- ACTIVITY: From the entries below, extract every line that includes the word "completed".

[Stored records]
[Start of Attachment]

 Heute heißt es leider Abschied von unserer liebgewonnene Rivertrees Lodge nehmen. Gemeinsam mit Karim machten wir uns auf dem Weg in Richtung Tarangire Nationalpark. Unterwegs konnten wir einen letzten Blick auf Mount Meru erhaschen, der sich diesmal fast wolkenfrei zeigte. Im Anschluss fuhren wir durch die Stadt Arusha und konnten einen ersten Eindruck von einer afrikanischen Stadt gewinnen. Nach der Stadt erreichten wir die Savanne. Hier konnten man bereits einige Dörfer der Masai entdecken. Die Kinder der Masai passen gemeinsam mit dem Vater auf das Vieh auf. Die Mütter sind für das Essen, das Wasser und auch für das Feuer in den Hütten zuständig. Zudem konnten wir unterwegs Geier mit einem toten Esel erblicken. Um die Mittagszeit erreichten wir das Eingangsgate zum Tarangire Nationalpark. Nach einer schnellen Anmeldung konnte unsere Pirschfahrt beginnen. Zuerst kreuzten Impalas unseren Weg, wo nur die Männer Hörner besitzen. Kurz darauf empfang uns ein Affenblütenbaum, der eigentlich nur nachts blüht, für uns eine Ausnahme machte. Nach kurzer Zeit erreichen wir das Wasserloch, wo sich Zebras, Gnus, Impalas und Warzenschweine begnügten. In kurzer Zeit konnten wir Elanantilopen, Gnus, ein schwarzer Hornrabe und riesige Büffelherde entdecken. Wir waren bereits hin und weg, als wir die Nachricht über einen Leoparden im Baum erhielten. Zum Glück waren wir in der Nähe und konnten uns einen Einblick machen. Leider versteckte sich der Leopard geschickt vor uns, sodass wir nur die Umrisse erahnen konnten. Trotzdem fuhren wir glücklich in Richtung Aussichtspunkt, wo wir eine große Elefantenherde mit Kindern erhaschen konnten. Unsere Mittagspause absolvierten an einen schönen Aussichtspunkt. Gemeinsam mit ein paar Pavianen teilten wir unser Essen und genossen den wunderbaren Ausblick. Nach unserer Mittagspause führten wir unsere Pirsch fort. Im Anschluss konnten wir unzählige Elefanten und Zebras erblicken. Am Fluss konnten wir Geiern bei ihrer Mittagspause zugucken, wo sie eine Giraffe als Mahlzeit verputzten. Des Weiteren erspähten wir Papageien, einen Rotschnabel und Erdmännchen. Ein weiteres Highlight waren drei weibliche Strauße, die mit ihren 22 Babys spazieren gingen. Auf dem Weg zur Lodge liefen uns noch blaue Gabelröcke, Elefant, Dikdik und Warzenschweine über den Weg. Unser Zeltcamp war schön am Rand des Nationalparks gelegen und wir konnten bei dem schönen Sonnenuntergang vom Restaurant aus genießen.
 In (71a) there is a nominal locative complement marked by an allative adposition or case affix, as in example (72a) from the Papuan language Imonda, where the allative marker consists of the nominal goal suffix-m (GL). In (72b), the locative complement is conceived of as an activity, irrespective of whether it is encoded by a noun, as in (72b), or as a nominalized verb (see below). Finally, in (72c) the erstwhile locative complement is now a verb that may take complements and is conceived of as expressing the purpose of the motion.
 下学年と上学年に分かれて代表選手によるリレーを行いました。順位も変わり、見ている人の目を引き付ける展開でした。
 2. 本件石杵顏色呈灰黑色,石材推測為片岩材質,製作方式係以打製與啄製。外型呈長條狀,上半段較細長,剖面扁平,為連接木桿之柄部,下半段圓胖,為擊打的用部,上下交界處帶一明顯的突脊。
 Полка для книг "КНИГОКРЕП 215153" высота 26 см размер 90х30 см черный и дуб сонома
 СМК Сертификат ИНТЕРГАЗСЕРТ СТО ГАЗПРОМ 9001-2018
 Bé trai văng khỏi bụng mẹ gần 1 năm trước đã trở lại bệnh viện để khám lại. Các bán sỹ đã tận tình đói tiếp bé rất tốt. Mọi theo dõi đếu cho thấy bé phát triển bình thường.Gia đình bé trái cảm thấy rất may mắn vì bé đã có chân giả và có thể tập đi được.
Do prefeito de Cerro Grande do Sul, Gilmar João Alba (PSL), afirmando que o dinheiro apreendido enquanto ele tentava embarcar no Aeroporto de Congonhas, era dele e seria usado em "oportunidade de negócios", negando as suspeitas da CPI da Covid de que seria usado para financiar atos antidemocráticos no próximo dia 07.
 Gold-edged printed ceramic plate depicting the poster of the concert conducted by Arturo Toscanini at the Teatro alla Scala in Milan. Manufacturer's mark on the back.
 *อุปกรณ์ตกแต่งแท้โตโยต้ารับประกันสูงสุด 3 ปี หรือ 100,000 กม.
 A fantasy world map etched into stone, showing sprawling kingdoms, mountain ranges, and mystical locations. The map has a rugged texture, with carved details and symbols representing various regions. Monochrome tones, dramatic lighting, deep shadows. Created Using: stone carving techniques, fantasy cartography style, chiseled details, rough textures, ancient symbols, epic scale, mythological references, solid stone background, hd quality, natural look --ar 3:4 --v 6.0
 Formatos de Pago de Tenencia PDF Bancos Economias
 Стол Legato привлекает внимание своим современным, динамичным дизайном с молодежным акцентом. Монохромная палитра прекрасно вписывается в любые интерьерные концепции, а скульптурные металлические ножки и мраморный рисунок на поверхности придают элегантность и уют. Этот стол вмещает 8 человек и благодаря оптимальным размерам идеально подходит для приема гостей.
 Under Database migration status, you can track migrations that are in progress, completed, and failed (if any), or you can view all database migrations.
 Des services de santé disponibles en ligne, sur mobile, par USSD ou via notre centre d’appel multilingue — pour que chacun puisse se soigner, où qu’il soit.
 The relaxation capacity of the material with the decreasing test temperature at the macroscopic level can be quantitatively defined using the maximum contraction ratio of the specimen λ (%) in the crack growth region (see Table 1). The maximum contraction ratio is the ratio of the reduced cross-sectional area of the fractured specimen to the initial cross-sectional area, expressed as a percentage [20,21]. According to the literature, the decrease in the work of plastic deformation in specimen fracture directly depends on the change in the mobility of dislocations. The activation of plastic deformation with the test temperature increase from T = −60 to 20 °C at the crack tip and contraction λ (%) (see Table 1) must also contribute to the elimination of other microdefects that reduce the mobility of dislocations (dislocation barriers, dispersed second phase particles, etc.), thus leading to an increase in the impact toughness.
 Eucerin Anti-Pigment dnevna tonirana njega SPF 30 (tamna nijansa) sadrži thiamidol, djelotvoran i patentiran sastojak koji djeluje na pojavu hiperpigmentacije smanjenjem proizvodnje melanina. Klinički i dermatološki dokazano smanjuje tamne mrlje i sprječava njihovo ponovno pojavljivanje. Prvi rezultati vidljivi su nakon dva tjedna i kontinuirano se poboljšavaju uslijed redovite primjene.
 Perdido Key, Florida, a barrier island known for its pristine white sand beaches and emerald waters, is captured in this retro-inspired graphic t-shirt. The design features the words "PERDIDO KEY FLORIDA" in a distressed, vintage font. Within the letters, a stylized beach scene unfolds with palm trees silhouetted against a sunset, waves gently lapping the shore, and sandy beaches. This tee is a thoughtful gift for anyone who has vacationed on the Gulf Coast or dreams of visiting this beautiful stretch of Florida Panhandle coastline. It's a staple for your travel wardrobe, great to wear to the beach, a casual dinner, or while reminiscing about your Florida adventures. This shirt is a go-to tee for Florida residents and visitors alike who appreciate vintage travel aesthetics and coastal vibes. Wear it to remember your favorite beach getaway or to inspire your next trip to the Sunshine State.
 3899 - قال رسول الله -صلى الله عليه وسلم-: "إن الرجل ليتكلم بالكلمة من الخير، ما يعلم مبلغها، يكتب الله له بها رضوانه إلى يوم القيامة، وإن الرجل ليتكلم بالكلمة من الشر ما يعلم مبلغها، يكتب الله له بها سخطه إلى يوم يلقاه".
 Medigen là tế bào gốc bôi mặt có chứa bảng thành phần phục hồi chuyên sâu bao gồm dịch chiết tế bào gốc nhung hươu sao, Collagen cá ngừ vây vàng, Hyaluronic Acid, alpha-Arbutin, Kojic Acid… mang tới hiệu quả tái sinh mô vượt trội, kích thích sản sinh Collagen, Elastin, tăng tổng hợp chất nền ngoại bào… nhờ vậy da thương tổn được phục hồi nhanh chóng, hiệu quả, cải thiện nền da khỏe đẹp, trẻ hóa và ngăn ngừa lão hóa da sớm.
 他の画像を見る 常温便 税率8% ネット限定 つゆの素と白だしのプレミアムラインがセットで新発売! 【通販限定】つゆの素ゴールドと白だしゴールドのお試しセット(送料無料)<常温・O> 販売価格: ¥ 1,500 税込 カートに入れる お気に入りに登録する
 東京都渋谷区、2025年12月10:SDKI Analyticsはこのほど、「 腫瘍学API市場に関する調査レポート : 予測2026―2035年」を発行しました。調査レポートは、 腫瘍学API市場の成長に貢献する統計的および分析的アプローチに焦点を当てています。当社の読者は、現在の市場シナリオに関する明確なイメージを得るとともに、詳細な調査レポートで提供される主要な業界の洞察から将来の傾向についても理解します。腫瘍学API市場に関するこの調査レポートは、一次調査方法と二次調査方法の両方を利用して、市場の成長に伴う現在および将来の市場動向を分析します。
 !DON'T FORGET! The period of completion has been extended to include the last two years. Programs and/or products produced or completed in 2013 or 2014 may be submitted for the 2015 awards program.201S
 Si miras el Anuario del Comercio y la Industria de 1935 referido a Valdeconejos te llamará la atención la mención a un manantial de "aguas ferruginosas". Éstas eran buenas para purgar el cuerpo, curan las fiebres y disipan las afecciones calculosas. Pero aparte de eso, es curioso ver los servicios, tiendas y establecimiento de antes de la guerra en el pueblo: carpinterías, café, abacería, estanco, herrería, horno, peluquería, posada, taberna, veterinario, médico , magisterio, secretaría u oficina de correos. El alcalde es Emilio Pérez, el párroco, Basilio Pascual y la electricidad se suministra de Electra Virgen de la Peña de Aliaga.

[End of Attachment]

- ANSWER TO THIS PROBLEM:
 Under Database migration status, you can track migrations that are in progress, completed, and failed (if any), or you can view all database migrations.
 !DON'T FORGET! The period of completion has been extended to include the last two years. Programs and/or products produced or completed in 2013 or 2014 may be submitted for the 2015 awards program.201S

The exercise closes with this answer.